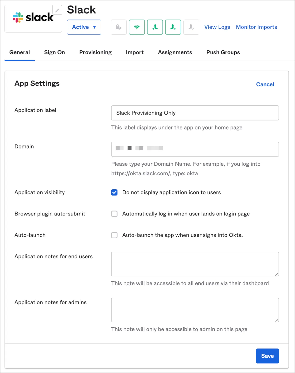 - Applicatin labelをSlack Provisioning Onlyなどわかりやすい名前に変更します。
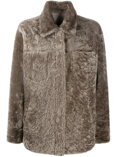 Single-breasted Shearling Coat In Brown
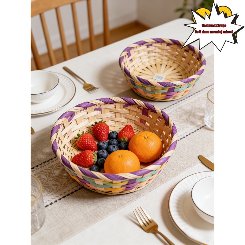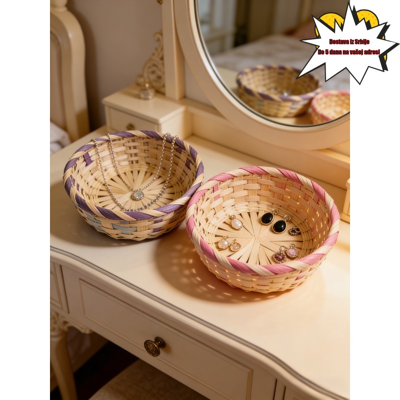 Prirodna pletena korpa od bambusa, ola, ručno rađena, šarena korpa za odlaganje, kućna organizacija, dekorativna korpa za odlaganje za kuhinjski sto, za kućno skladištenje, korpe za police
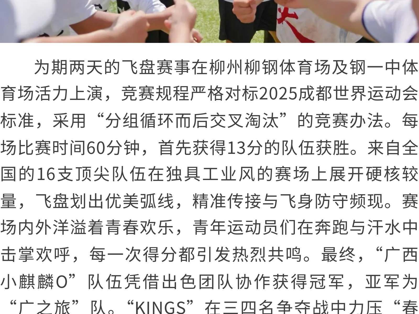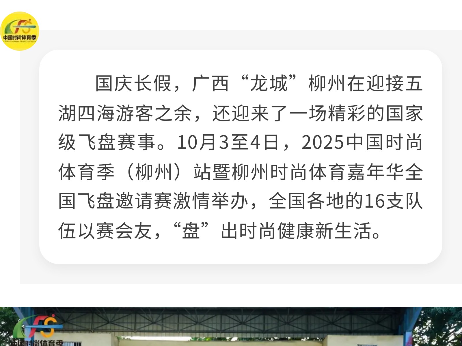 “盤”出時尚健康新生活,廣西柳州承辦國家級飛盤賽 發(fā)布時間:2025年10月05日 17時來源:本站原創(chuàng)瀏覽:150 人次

=-=-=

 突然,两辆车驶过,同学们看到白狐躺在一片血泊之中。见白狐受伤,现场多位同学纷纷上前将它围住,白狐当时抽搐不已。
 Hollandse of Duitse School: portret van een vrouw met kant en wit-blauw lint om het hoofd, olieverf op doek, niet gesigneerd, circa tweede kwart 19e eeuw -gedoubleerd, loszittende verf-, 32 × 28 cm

=-=-=

§ **Your assignment**
From the records above, quote word for word only the lines beginning at the line that has "Single-breasted Shearling Coat In Brown" and stopping after the line that has "Prirodna pletena korpa". Omit the pictures.

§ **Output of the exercise**
 Single-breasted Shearling Coat In Brown
 Prirodna pletena korpa od bambusa, ola, ručno rađena, šarena korpa za odlaganje, kućna organizacija, dekorativna korpa za odlaganje za kuhinjski sto, za kućno skladištenje, korpe za police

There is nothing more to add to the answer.